* **Brief**
When you copy from the entries that follow, take only the lines from the one with "Öküzlerin yaşlı olması" down to the one with "照片中的 Surface Duo", keeping both ends and dropping every picture.

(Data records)

◇ ◇ ◇ ◇ ◇ ◇ ◇

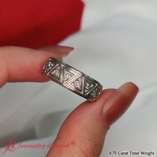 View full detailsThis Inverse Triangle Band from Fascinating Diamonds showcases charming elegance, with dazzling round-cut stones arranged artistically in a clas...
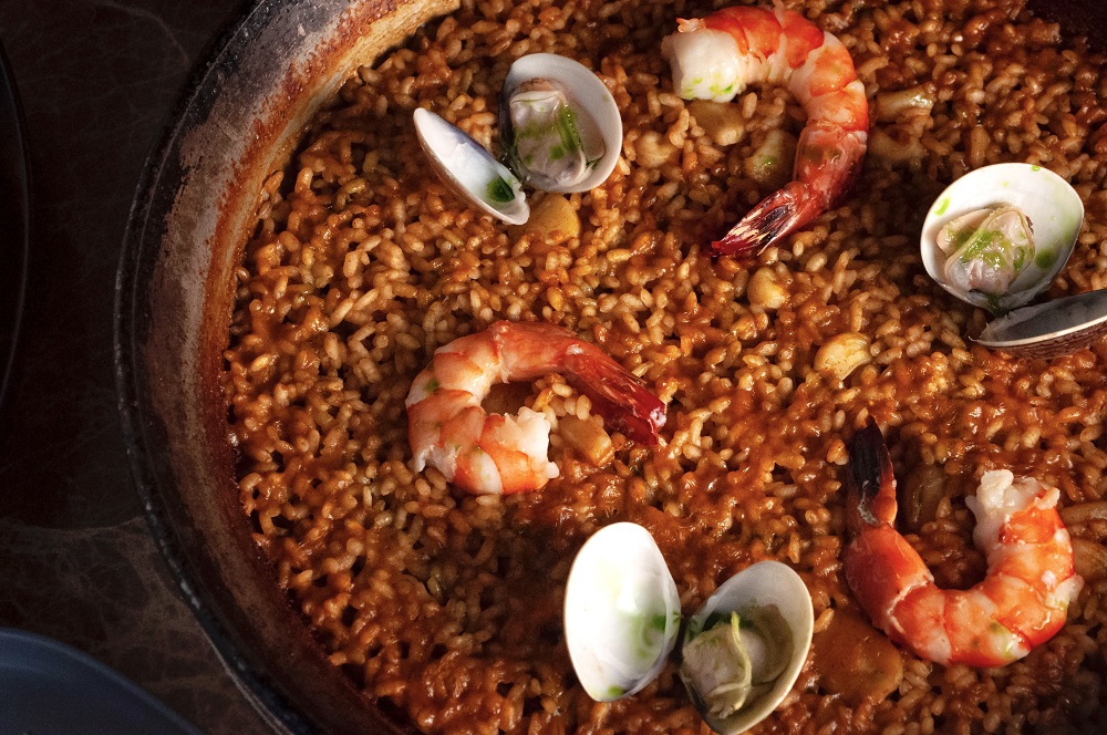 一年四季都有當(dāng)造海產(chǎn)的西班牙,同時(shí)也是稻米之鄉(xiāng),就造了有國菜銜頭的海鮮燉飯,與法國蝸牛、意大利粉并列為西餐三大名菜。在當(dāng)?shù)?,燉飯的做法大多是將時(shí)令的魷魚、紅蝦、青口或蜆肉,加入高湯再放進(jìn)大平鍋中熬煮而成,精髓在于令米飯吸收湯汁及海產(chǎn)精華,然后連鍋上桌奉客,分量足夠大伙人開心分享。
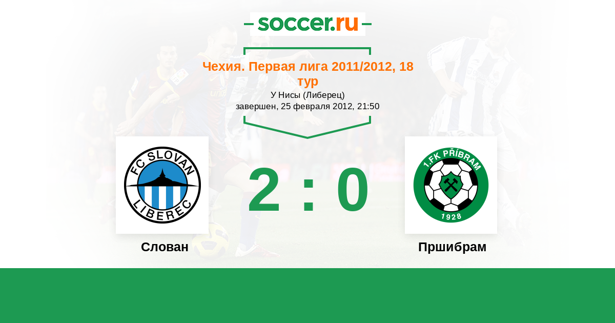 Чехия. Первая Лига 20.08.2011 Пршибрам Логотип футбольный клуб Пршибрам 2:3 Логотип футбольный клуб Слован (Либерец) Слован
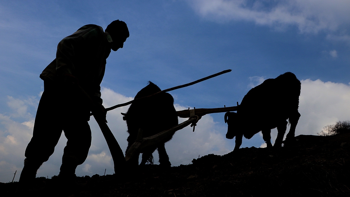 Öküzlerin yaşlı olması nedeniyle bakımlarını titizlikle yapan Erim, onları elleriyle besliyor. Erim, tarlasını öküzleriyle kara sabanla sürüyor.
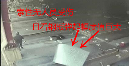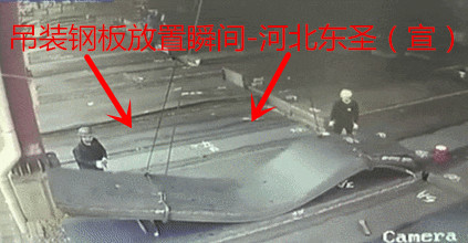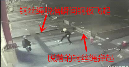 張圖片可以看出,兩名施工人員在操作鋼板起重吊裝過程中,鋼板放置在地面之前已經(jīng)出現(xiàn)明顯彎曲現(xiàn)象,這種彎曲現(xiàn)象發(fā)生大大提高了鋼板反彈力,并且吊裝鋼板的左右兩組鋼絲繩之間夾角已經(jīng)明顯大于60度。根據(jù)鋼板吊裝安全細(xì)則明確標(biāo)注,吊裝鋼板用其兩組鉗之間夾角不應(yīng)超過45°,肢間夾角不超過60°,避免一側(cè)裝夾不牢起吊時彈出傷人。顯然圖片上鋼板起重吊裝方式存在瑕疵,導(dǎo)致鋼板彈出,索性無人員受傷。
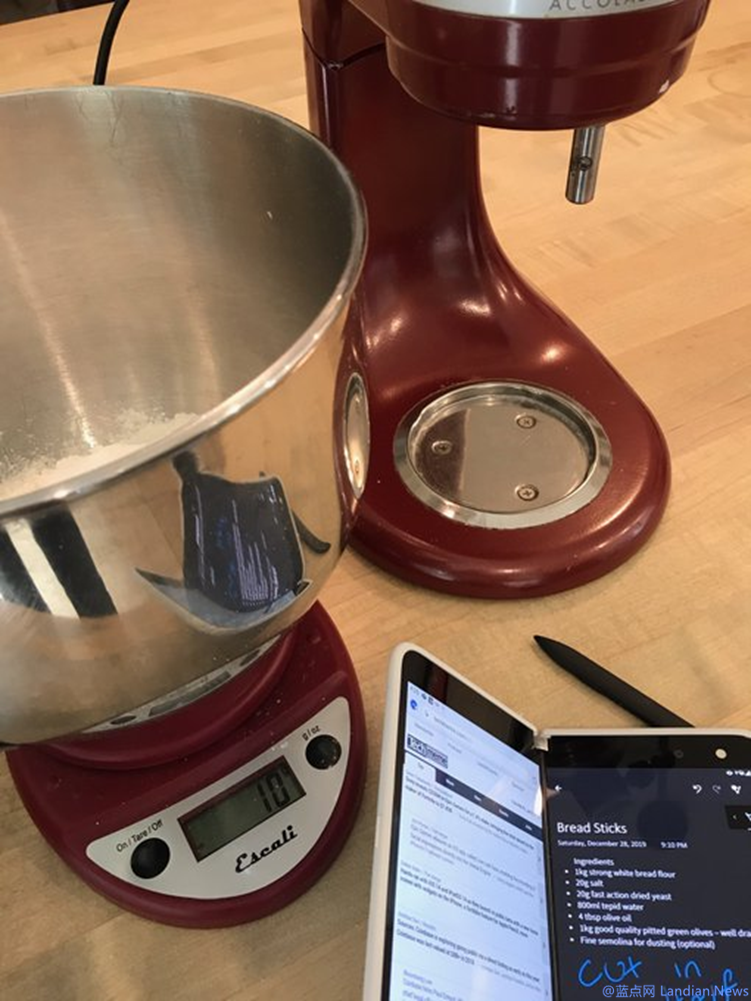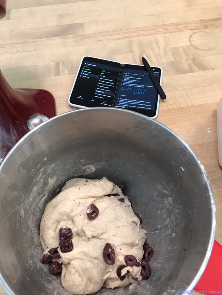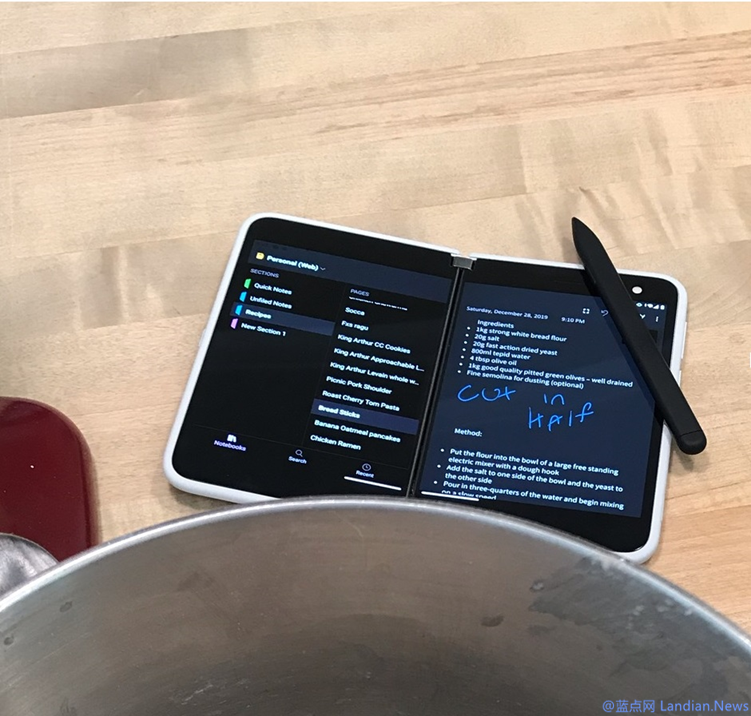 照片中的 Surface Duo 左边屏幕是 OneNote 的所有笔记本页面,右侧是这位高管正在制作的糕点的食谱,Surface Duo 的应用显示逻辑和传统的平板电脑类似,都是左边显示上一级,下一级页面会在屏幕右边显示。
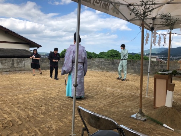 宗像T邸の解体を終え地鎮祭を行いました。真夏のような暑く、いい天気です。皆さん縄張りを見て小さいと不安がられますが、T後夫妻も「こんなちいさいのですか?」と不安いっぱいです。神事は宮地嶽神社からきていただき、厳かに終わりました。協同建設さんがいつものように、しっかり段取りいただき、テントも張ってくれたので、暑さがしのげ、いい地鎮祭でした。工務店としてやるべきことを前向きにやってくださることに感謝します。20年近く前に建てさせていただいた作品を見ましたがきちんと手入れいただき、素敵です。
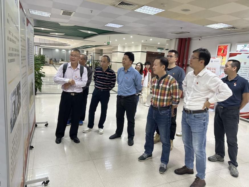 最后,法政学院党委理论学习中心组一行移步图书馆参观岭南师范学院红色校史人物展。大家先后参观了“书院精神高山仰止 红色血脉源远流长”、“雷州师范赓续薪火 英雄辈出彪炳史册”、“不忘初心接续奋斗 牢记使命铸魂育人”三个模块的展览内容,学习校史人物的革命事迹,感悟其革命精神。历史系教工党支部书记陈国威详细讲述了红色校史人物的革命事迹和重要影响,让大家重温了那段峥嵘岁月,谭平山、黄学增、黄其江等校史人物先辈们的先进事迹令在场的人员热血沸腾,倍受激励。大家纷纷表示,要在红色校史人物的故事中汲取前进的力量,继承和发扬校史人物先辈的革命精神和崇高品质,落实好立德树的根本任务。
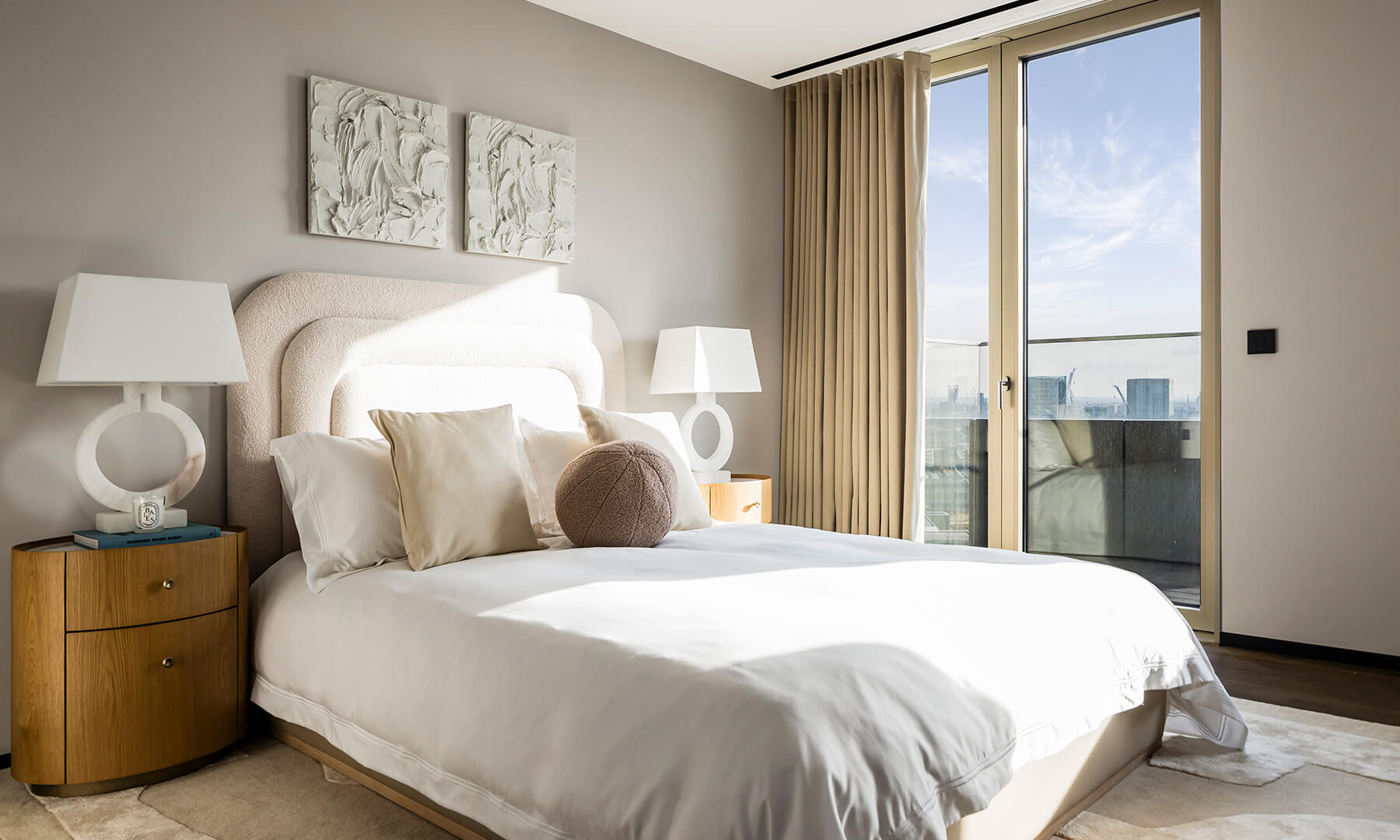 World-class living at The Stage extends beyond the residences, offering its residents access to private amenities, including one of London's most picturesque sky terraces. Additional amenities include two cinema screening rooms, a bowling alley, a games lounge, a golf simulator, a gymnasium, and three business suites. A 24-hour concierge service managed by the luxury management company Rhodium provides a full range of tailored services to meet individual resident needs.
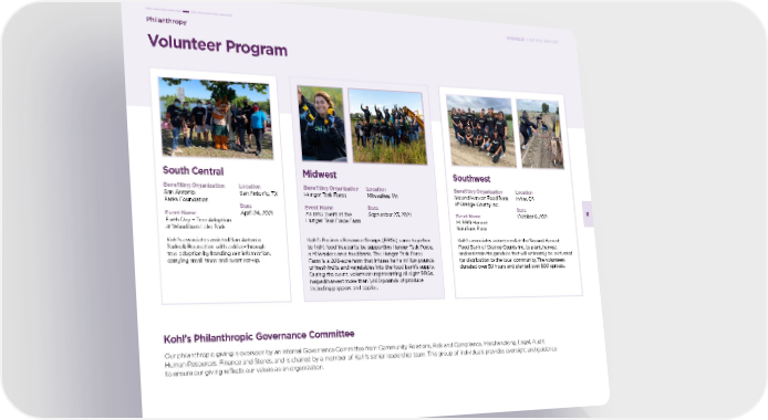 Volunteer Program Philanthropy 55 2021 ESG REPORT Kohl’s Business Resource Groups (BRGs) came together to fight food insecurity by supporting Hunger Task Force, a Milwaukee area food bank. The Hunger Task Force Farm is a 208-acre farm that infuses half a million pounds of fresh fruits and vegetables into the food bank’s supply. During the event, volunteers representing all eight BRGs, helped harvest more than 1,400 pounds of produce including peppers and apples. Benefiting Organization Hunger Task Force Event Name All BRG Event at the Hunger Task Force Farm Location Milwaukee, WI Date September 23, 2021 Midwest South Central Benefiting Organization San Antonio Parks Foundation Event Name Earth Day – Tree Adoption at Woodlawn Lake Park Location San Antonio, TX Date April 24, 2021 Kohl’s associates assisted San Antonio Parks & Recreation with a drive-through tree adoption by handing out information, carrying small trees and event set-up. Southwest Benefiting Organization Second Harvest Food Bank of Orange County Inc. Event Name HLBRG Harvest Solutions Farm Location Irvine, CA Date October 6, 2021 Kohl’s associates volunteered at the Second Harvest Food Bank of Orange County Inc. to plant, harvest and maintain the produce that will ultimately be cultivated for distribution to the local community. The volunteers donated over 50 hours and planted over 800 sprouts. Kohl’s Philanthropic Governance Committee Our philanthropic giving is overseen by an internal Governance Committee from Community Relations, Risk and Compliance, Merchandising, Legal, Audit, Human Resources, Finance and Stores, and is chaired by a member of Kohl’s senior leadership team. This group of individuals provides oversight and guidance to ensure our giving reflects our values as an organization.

◇ ◇ ◇ ◇ ◇ ◇ ◇

* **Final answer**
 Öküzlerin yaşlı olması nedeniyle bakımlarını titizlikle yapan Erim, onları elleriyle besliyor. Erim, tarlasını öküzleriyle kara sabanla sürüyor.
 張圖片可以看出,兩名施工人員在操作鋼板起重吊裝過程中,鋼板放置在地面之前已經(jīng)出現(xiàn)明顯彎曲現(xiàn)象,這種彎曲現(xiàn)象發(fā)生大大提高了鋼板反彈力,并且吊裝鋼板的左右兩組鋼絲繩之間夾角已經(jīng)明顯大于60度。根據(jù)鋼板吊裝安全細(xì)則明確標(biāo)注,吊裝鋼板用其兩組鉗之間夾角不應(yīng)超過45°,肢間夾角不超過60°,避免一側(cè)裝夾不牢起吊時彈出傷人。顯然圖片上鋼板起重吊裝方式存在瑕疵,導(dǎo)致鋼板彈出,索性無人員受傷。
 照片中的 Surface Duo 左边屏幕是 OneNote 的所有笔记本页面,右侧是这位高管正在制作的糕点的食谱,Surface Duo 的应用显示逻辑和传统的平板电脑类似,都是左边显示上一级,下一级页面会在屏幕右边显示。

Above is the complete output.